16 TL;DR: The Virtues of Blogs in a Classroom Setting

G.W. Currier and Kennedy Essmiller

Learning Objectives

Readers of this section will be able to do the following:

  • explain the differences between blogs and articles.
  • explore their own writing and voices through the act of blogging.
  • to investigate online environments with which they are actively engaged.
  • to practice and refine their digital literacy.

In just about all fields—agriculture, industrial engineering, publishing—we celebrate innovation and technological advances. We don’t really want to farm, build, or print the same way we did 500 years ago, when Gutenberg invented the moveable type. But we can’t ignore those old methods completely. Education isn’t all that different, and although there have been significant advances in the types of technology brought into a classroom (Moodle, Google Drive, Learning Management Systems like Canvas or Blackboard), there hasn’t been an equal use of innovation in methods. We hope in this chapter to change that, even slightly.
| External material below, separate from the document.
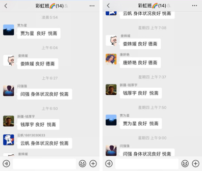 Five之“早起打卡”——“彩虹班”所有同学每天上午9:00前在班级群中进行打卡,并报告健康状况和所在位置,通过班级同学互相监督,养成良好的作息习惯,每天更加精力充沛的学习工作。

Let’s consider two forms of writing most college students are familiar with: blogs and academic articles. Understanding the differences between what blogs and what articles are allows us to understand what blogs and articles can do. Both blogs and articles have purposes as genres (see what follows). Articles are important in part because of their purpose. This means that blogs can be academic or popular, deep or flippant, profound or superficial, professional or personal, spiritual or secular, political or social, private or public; alternately, you could also substitute “and” for each “or” in the previous list, and it would still hold true. Blogs are malleable. In the next pages, we will explore the differences between articles and blogs.